→ Task brief:
Only the lines from the one containing "We’ve been digging" through the last line of the material should be copied, exactly as written and without pictures.

→ Entries supplied:

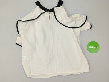 Biała bluzka damska z krótkim rękawem i falbaną przy dole. - Klasyczny, okrągły dekolt - Zapięcie z tyłu na krótki zamek - Prosty krój z delikatnymi zaszewkami modelującymi biust - Ozdobna, marszc...
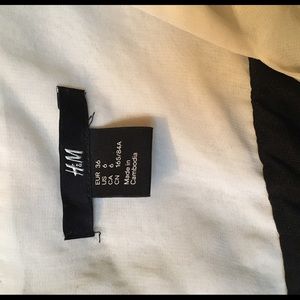 Black with off white around the color. One button in the back. Three quarter sleeves. A little above the knee. Very good condition. Chiffon.
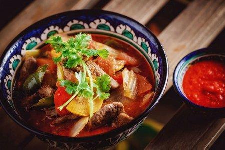 Préparation: Couper la viande en morceaux moyens et faire frire jusqu'à ce qu'elle soit dorée. Ajouter les oignons hachés, les carottes et le ragoût pendant encore 5 minutes. Ajouter les épices, les tomates concassées, les piments forts et verser de l'eau chaude sur le tout. Faire bouillir le shurpa pendant une heure à feu doux, à la fin du sel et saupoudrer d'herbes hachées.
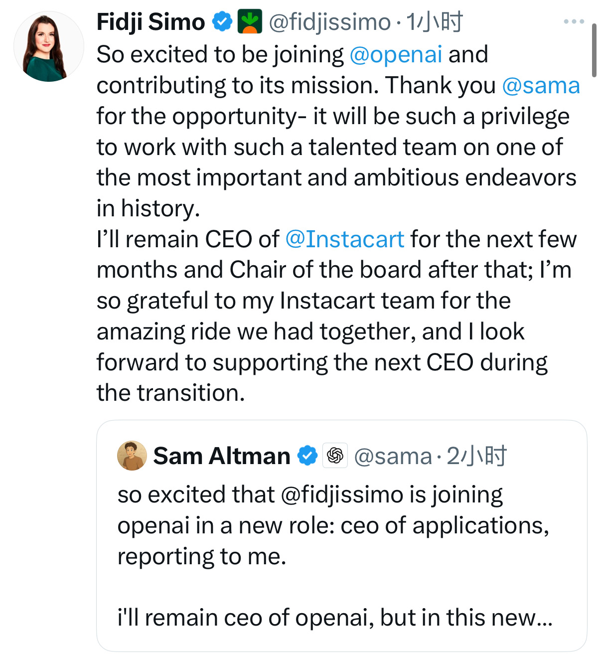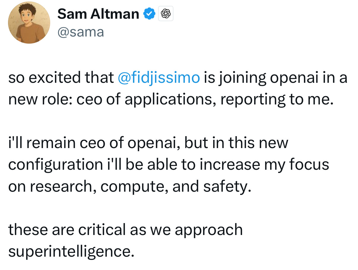Sam最新推文说要专注研究和超级智能了,邀请Instacart现任CEO Fidji Simo来担任应用方向的CEO
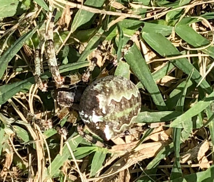 We’ve been digging a lot of holes for fence poles this week, which stirs up the insect population. A couple of days ago, we saw something wriggling on the ground, and I realized it was a spider I’d never seen before. It had beautiful pale green markings and had a very large abdomen.
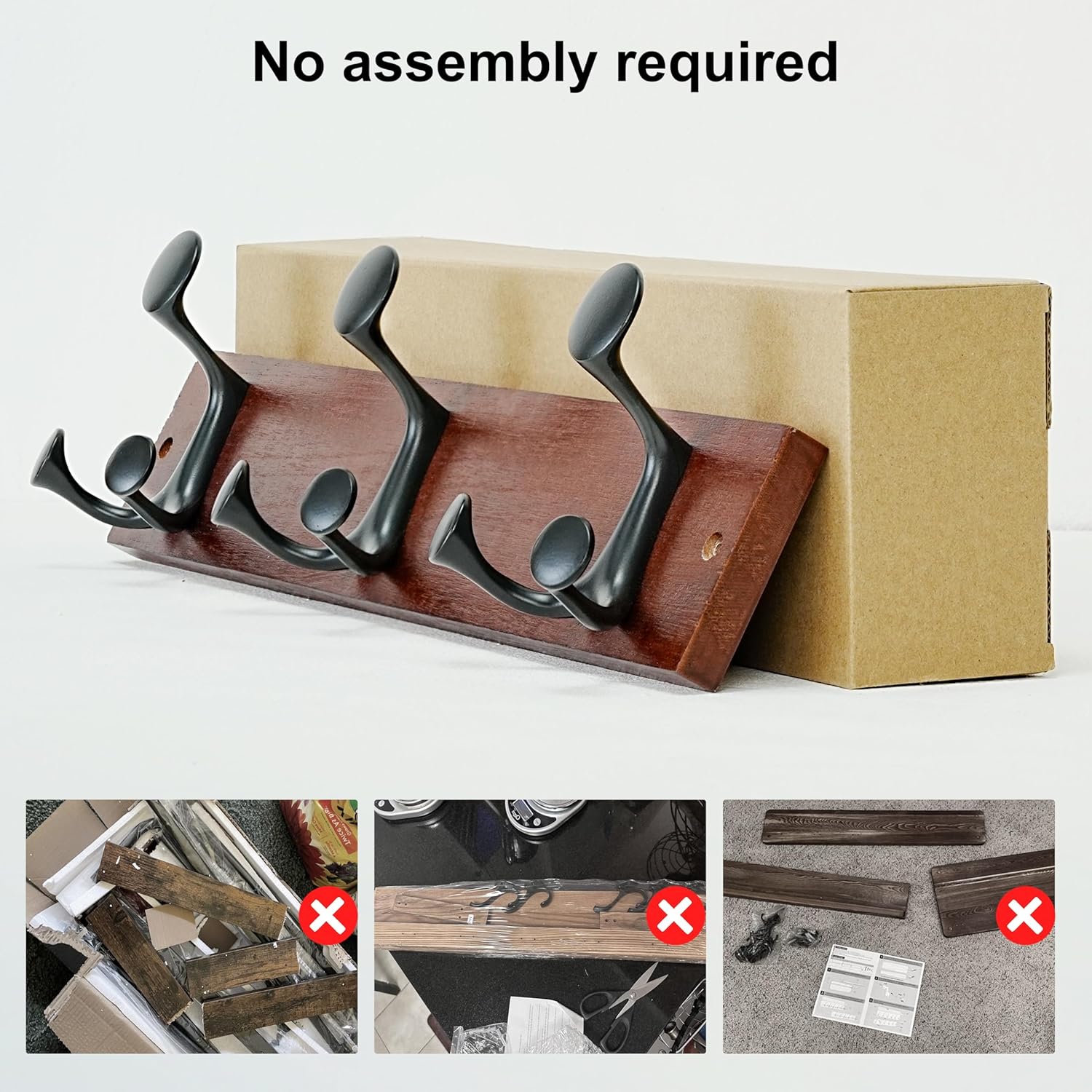 SKOLOO 17-Inch Cherry Wood Coat Rack Wall Mount with 3 Triple Hooks - Ideal for Family Entrances, Classrooms, and Pet Supplies Storage - Perfect Coat Hooks for Wall

→ Expected answer:
 We’ve been digging a lot of holes for fence poles this week, which stirs up the insect population. A couple of days ago, we saw something wriggling on the ground, and I realized it was a spider I’d never seen before. It had beautiful pale green markings and had a very large abdomen.
 SKOLOO 17-Inch Cherry Wood Coat Rack Wall Mount with 3 Triple Hooks - Ideal for Family Entrances, Classrooms, and Pet Supplies Storage - Perfect Coat Hooks for Wall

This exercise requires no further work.